This is the part where I make the obvious comparison to our reactions to art mirroring our reactions to the state of the world. Again, there is no middle ground, as we are all screaming into the void, and nobody gets heard saying something like, “Things are mostly okay.” People want to be memorable, people want to be heard, people want other people to know how they feel about the world. Having an internal dialogue is no longer enough, so we must tell the world. And yet, despite advances in technology, the world can only hear a few voices at any given time, so all of this is fed into our reactions to the work of those voices.

Jay Z’s musical maturation, and by extension 4:44, have become almost a musical equivalent of Lady Ghostbusters, and I recognize I am guilty of making this happen. I love that Jay Z is a hip-hop legacy artist who is (at least now, if not always) pro-LGBTQ, or that he’s encouraging breaking from past genre stereotypes.

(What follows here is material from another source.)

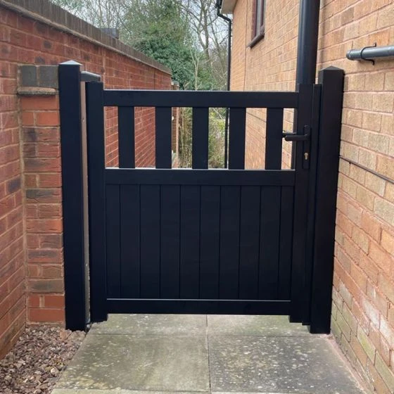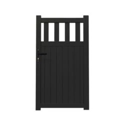 The gate’s elegant design is a modern twist on a traditional style. It includes a solid, vertical infill and flat top, ensuring additional security and partial privacy for a home and garden.
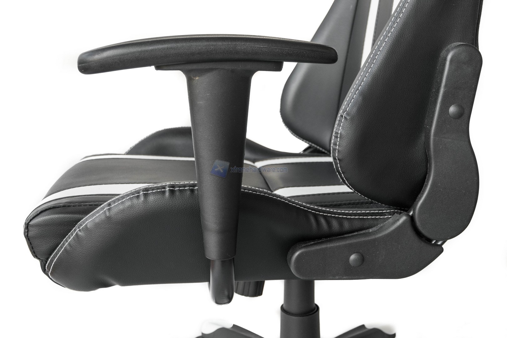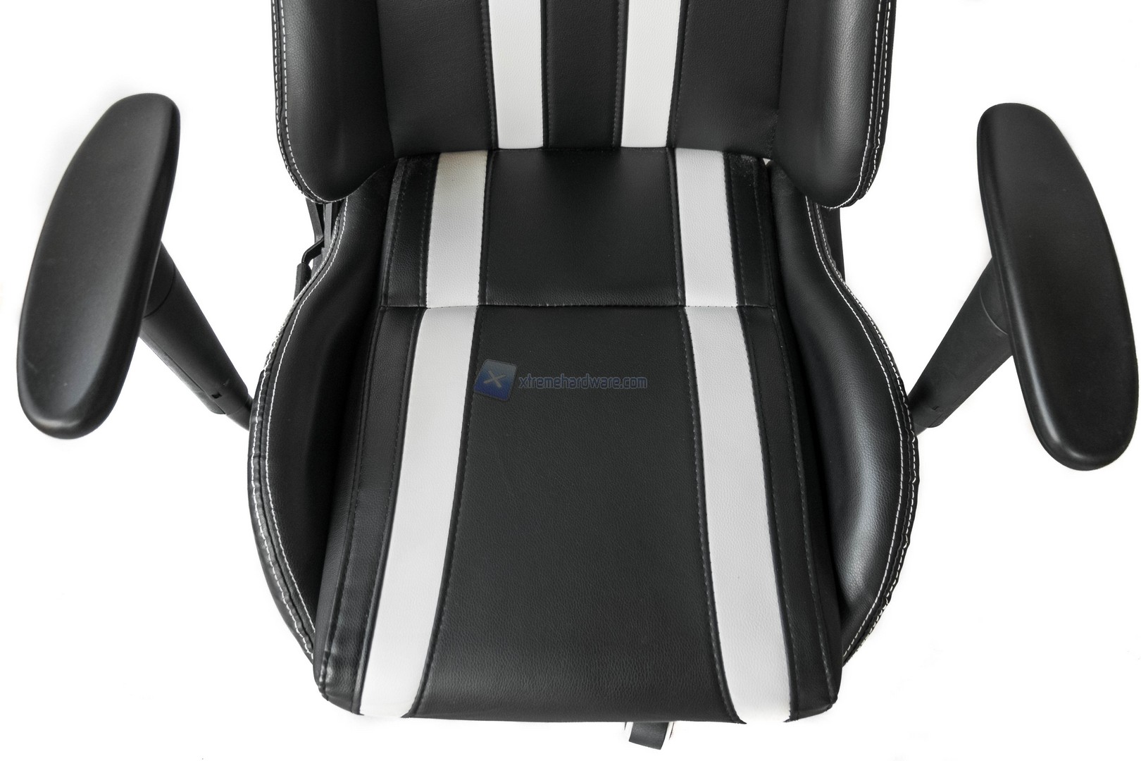 La seduta si presente più contenuta rispetto alla X-Fighter, ma rimanendo comunque sufficientemente ampia da ospitare la maggior parte degli utenti. Quest’ultima presenta lo stesso design a doppia striscia bianca visto sullo schienale, ma offre un’imbottitura maggiore per restituire il migliore comfort possibile. I braccioli sono fissi in altezza, profondità e angolazione, ma propongono una buona imbottitura in gomma. L’altezza della seduta è personalizzabile grazie alla presenza di una leva posizionata sulla destra, che permette di variare dai 47 ai 54 cm d’altezza. I fianchetti sono ben imbottiti ed avvolgenti.

Saying that stabbing Lance Rivera was a not-ideal move is wonderful to me, as is rapping about investing in real estate instead of going to a strip club. This admittedly comes from a problematic place, given that I am currently the one making some (quiet) noise. I am driving a teal Toyota Tercel with a ‘Honk if you hate noise pollution’ bumper sticker, leading a convoy of garbage trucks filled with cultural criticism. There is no way out of this through words. The speakers have been predetermined, and until we realize that we will forever be screaming into a void.

People want to write their way to a new world, and that’s impossible. Only a few voices really matter, which is kind of what the conversation over 4:44 is continually proving. Sometimes a movie is just a movie, or an album is just an album. But a Jay Z album is still a Jay Z album, thirty-six minutes of words from one of the most widely accepted voices of the last two decades. If we’re all going to listen to one guy, at least he’s willing to be honest and evolve.

Admittedly, I was a bit overly harsh towards this record the first time I heard it. I felt like the music was boringly schizophrenic, like Jay couldn’t decide who he wanted to be (this is further backed up by the first track – it’s called Kill Jay Z partially because he wants to move past the persona people have built for him out of his own music). But then I was walking around listening to it half-drunk while pondering my own meaningless existence, and I realized that even this millionaire isn’t immune to identity crises. He doesn’t know whether or not anything he has done has made the world better, so he has made an album that is explicitly about the world he wants to create. There are countless examples of people imagining a world they want for themselves and those around them not coming true, but it’s cool to see somebody as rich and as famous as Jay Z even being honest about the mere attempt.

We all got excited, we all screamed. Nobody was right, and yet everybody was.